Microsoft Copilot Context Window Token Limits and Memory

Graziano Stefanelli
Sep 30
4 min read

Microsoft Copilot functions across productivity apps in Microsoft 365, developer environments such as GitHub Copilot Chat, consumer web and mobile apps, and custom solutions built in Copilot Studio. Each of these contexts has different behavior when it comes to context windows, token handling, and memory. In late 2025, Microsoft has published practical guidance for document length and file grounding, clarified token capacities in GitHub Copilot, and introduced memory features that separate personalization from conversation history.

·····

.....

How context windows work in Microsoft 365 Copilot.
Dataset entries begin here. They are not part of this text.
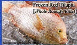
Frozen Red Tilapia [Whole Round / Fillet]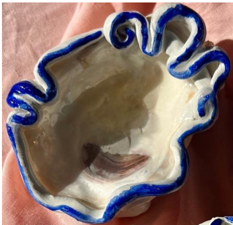
Chell-Fish Salt Holder 2 , 2023 Real shells, held together by an epoxy clay, gouache paint and a food safe art resin. approx. 3 inches round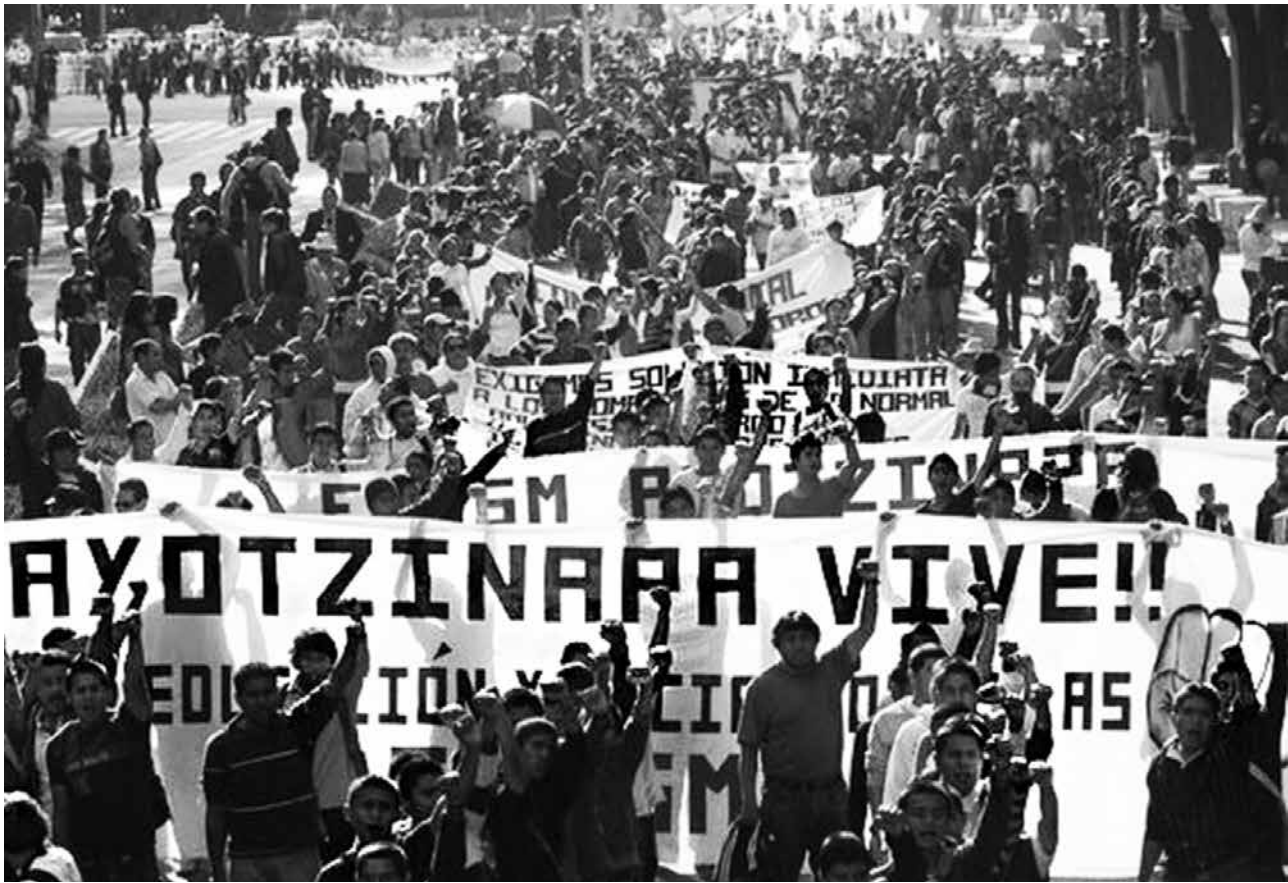
Ayotzinapa lives and the struggle continues

The main weapon the bosses in Mexico are using to contain working-class anger is liberalism. Liberal bosses are capitalists who pretend to be pro-working class. They are calling for citizens to participate within the framework of institutions based on capitalist ideology, like the National Commission on Human Rights (CNDH) or the Inter-American Commission on Human Rights (CIDH). As a result of being won to trust in these institutions, the working class organizes itself in a "well-behaved" way that doesn't fundamentally threaten capitalism. Liberal capitalist bosses and the institutions around them serve an important role in capitalism. They lead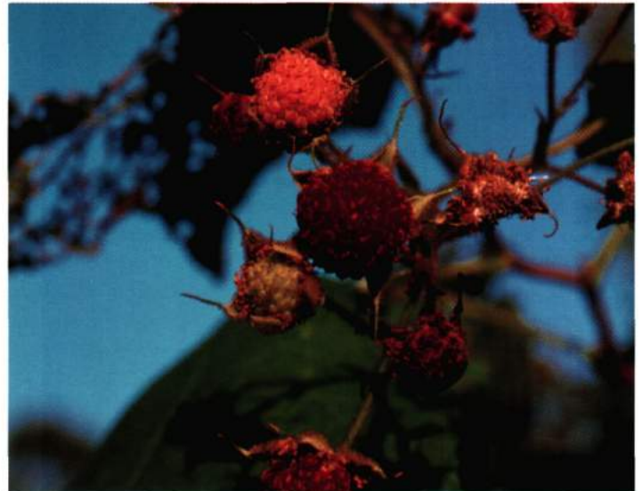
Figure 23. Thimbleberry fruit.

Thimbleberry thrives in a variety of dry to moist and wooded to open sites. The plants tolerate a wide variety of soil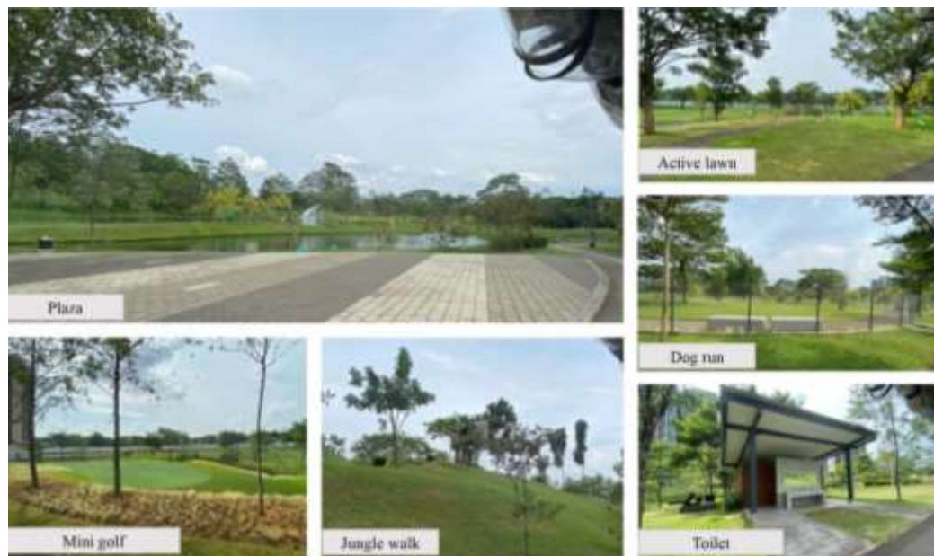
Figure 5. Meandering River Zone

Figure 5 establishes that the Meandering River Zone has done quite well. However, it could still benefit from further improvements. Just like the Serenity Lake Zone, facilities such as fountains and drinking fountains could be added for extra appeal. It is also crucial to enhance the irrigation and drainage systems by installing biopori or infiltration wells to ensure that water is infiltrated before being poured into the lake. A more diverse vegetation, microclimate features such as tall trees with broad leaves, attentive lighting, signages as well as more trash bins could encourage visitors to stay longer in the Meandering River Zone.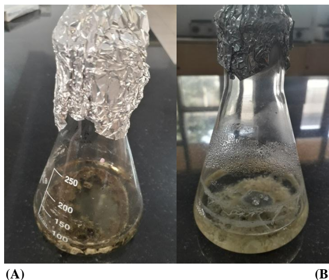
Fig. 2: Dissolution of TCP by (A) Aspergillus niger and (B) Penicillium at pH 6 in PVK broth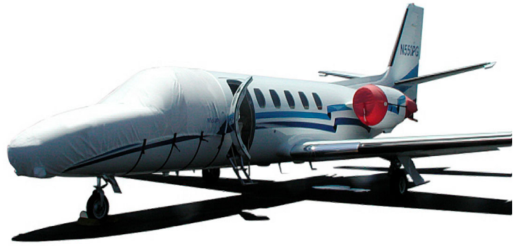
Cessna Citation Nose/Cockpit Cover, Engine Covers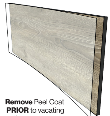
Remove Peel Coat PRIOR to vacating installation premises.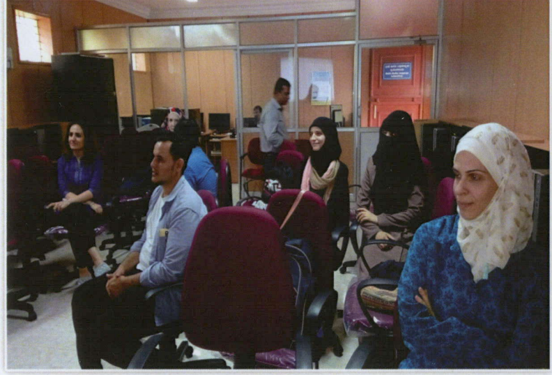
MULTI-MEDIA LANGUAGE LABORATORY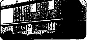
TROY. Excellent end unit Condo. Features 2 master suites, private garden patio, finished basement and sparkling neutral interior. Move-in condition. All kitchen appliances included. Convenient location for professionals on the go. $84,900 689-8900 05-A-7842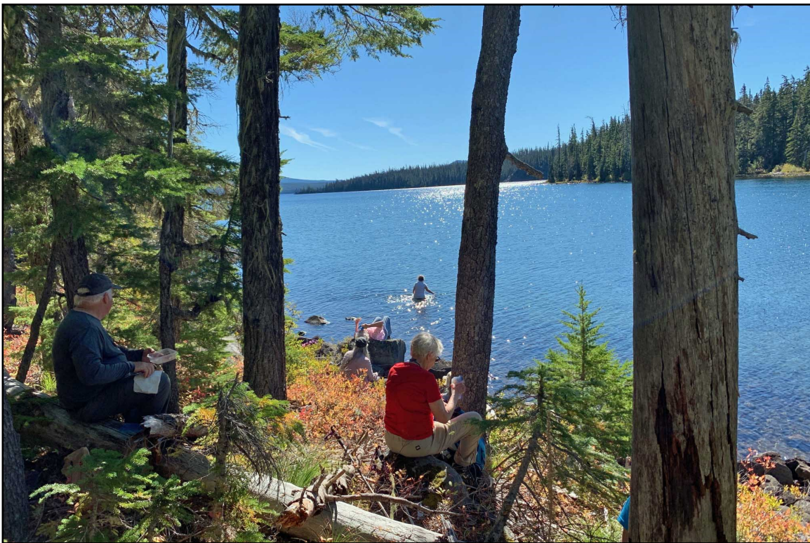
Photo taken on Rigdon Lakes hike by Esme Greer (See trip report on page 10.)

ENJOY the photos in color! ONLINE Bulletin at www.observians.org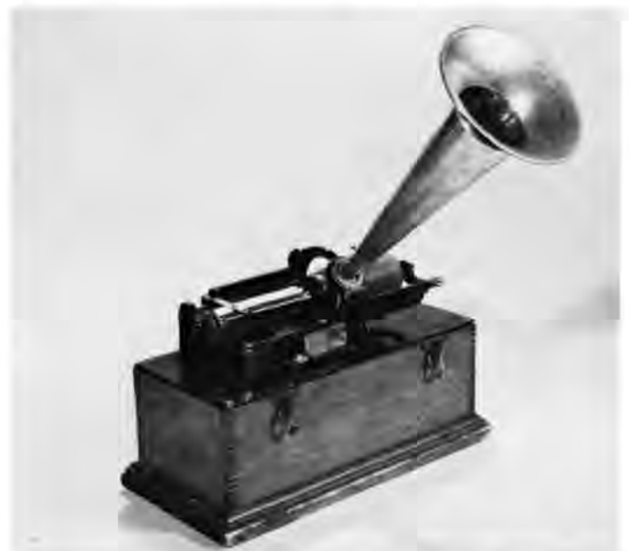
A cylinder phonograph machine. A person spoke or sang directly into the recording horn. The needle attached to the membrane at the bottom of the horn incised grooves onto the horizontally positioned spinning wax cylinder.

Before the dissemination process began, Cylinder Project staff met with a panel of Native American scholars, museum professionals, and cultural specialists to discuss methods and to contact people as well as to anticipate problems. Some of the latter emerge from the very nature of cylinder recordings. In the first decades that the cylinder machine was available, ethnologists, linguists, and early ethnomusicologists saw it as the ideal tool to help preserve traditions and languages they feared would otherwise disappear. Many recordists focused on the ceremonial lives of the people they visited. Thus many of the cylinders contain sacred songs; these are often genres that would not normally be heard out of context or by the uninitiated. In most cases, the early recordings were made openly with apparent community consent, but some were gathered under what would now be considered questionable circumstances. Paul Radin, for example, approached converts to the peyote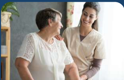
Personal Support Worker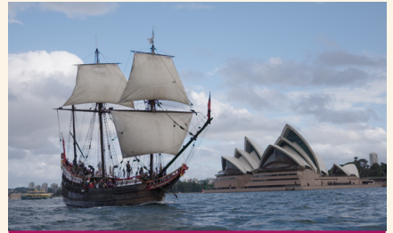
Cruise on Sydney Harbour aboard the Duyfken , one of the rarest replica ships in the world, from the Australian National Maritime Museum .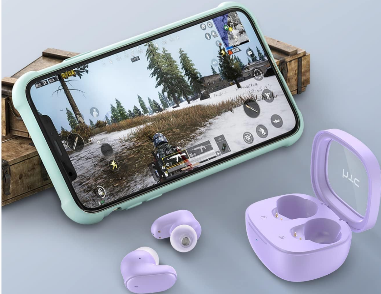
Image: A smartphone displaying a mobile game, with the HTC TWS9 earbuds and their open charging case nearby, illustrating the use of Game Mode for low-latency audio.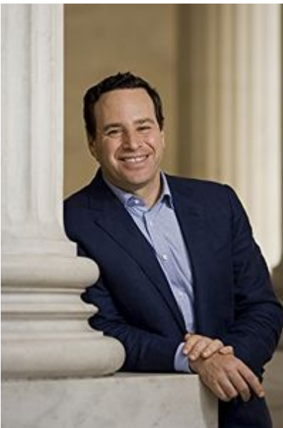
David Frum, Bilderberg Steering committee member and speech writer for George W. Bush

On 20 September, 2001, in his address to the Joint Session of Congress following the 9/11 attacks, Bush grossly inflated the number of Israeli casualties in the attacks from 5 to 130.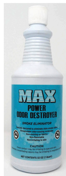
Available in 32 oz. Bottles

In Microsoft 365 Copilot, there is no single published token number. Instead, Microsoft provides usage guidance expressed in pages and word counts. For summarization and referencing, Copilot can process documents up to about 300 pages or 1.5 million words. For rewriting tasks, the recommended limit is 3,000 words. These thresholds help ensure that results remain accurate and complete, as very long documents may degrade response quality.

In SharePoint authoring, Microsoft advises that individual rich text blocks be kept under 3,000 words, even though the editor itself allows more, because Copilot’s processing quality drops with larger inputs. This shows that practical context management is defined by functional guidance rather than raw token capacity.

·····

.....

File grounding and retrieval constraints.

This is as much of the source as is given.